• _Exercise details_:
Using the string "from" as the key, pull each matching line out of the records below.

• _Material for this task_:
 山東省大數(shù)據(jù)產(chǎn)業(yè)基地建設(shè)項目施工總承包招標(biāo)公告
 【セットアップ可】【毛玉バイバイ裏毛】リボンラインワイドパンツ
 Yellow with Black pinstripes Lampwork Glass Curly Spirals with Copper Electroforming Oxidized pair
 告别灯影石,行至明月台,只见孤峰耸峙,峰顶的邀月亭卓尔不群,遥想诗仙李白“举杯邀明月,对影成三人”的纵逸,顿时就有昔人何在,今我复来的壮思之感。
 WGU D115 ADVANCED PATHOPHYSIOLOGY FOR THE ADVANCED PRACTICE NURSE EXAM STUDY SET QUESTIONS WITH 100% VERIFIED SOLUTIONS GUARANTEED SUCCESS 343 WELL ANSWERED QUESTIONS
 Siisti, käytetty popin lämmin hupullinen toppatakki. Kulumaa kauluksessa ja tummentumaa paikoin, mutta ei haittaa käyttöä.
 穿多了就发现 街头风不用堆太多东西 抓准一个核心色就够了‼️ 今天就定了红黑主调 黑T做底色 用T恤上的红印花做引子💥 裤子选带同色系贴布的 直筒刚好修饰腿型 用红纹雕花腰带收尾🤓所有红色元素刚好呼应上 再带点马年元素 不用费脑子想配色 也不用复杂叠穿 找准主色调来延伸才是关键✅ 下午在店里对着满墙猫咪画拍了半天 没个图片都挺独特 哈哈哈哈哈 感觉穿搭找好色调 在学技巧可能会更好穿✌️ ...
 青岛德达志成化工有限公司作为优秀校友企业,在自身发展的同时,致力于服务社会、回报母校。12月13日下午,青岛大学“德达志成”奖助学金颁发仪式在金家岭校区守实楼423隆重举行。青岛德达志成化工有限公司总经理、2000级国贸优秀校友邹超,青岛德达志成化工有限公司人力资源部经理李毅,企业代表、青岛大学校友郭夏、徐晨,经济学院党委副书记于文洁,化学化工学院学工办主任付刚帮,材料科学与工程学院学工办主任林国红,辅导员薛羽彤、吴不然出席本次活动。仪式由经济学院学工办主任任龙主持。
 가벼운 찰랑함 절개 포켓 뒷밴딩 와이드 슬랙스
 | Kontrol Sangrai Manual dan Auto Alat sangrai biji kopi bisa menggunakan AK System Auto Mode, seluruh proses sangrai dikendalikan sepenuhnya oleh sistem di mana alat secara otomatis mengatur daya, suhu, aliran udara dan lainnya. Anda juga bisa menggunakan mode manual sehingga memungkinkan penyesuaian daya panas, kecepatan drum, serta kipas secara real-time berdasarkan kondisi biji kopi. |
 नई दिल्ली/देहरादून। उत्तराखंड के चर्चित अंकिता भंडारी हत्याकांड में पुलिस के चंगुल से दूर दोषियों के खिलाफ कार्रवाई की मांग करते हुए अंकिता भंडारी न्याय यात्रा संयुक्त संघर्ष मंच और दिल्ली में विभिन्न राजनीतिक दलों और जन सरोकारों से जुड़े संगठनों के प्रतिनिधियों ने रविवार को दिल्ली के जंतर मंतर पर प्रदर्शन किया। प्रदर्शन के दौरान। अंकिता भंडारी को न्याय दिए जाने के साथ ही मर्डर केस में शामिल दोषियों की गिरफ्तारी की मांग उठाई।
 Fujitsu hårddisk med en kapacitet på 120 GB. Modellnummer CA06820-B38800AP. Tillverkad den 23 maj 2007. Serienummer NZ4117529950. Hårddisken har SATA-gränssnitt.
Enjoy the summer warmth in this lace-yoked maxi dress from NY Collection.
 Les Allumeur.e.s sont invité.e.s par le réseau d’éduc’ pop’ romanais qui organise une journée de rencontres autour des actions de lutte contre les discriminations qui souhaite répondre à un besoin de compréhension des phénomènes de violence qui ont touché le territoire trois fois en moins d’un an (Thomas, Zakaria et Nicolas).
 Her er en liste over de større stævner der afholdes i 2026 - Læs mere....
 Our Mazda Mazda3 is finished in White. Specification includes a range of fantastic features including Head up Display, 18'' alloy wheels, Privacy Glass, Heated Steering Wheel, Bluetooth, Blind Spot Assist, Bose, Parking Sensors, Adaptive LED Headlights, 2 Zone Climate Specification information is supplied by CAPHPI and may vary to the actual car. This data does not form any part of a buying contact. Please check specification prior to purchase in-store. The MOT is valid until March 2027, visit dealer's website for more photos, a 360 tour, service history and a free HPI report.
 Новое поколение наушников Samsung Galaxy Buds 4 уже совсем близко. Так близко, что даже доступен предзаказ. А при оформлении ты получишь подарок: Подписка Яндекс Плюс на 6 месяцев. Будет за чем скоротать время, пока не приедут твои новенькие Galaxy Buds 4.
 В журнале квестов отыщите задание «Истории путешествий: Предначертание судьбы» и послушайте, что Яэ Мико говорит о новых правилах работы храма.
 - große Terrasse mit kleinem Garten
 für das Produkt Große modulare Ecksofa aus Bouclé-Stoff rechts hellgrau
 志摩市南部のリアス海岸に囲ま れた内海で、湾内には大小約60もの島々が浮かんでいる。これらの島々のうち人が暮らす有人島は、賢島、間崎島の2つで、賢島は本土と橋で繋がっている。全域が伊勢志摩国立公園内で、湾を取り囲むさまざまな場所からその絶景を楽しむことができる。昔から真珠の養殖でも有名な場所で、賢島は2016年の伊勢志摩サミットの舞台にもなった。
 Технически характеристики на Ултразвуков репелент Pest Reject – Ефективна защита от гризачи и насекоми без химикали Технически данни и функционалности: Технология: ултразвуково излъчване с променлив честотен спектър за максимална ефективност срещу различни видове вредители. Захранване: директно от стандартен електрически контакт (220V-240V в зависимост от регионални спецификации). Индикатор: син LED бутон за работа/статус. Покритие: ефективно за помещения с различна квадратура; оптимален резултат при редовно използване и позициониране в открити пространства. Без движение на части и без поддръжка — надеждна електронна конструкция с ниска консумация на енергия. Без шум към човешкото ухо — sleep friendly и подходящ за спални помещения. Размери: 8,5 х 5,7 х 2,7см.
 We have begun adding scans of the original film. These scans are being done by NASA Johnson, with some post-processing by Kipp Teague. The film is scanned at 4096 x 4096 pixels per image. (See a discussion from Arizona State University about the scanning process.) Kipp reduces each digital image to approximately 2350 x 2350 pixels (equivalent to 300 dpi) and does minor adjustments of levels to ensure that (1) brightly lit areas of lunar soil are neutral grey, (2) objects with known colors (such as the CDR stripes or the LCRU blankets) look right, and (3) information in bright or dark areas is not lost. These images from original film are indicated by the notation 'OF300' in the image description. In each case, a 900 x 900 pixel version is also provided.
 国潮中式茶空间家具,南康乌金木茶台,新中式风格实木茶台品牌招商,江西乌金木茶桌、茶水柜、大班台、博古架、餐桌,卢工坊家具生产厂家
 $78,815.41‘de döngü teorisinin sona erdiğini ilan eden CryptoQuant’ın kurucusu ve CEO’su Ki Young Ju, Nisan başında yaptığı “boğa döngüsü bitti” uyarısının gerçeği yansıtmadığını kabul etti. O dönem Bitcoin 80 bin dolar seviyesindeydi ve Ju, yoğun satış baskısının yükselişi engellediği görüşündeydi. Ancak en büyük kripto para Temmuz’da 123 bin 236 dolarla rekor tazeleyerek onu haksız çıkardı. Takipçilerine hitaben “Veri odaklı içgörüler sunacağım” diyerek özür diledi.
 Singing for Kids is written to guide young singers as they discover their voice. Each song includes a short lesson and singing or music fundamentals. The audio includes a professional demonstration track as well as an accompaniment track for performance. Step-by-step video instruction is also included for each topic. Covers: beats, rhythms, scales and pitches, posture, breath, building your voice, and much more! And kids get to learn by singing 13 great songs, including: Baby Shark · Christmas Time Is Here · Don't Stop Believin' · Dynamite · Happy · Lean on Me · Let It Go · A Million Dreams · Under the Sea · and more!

• _Answer to this task_:
Enjoy the summer warmth in this lace-yoked maxi dress from NY Collection.
 We have begun adding scans of the original film. These scans are being done by NASA Johnson, with some post-processing by Kipp Teague. The film is scanned at 4096 x 4096 pixels per image. (See a discussion from Arizona State University about the scanning process.) Kipp reduces each digital image to approximately 2350 x 2350 pixels (equivalent to 300 dpi) and does minor adjustments of levels to ensure that (1) brightly lit areas of lunar soil are neutral grey, (2) objects with known colors (such as the CDR stripes or the LCRU blankets) look right, and (3) information in bright or dark areas is not lost. These images from original film are indicated by the notation 'OF300' in the image description. In each case, a 900 x 900 pixel version is also provided.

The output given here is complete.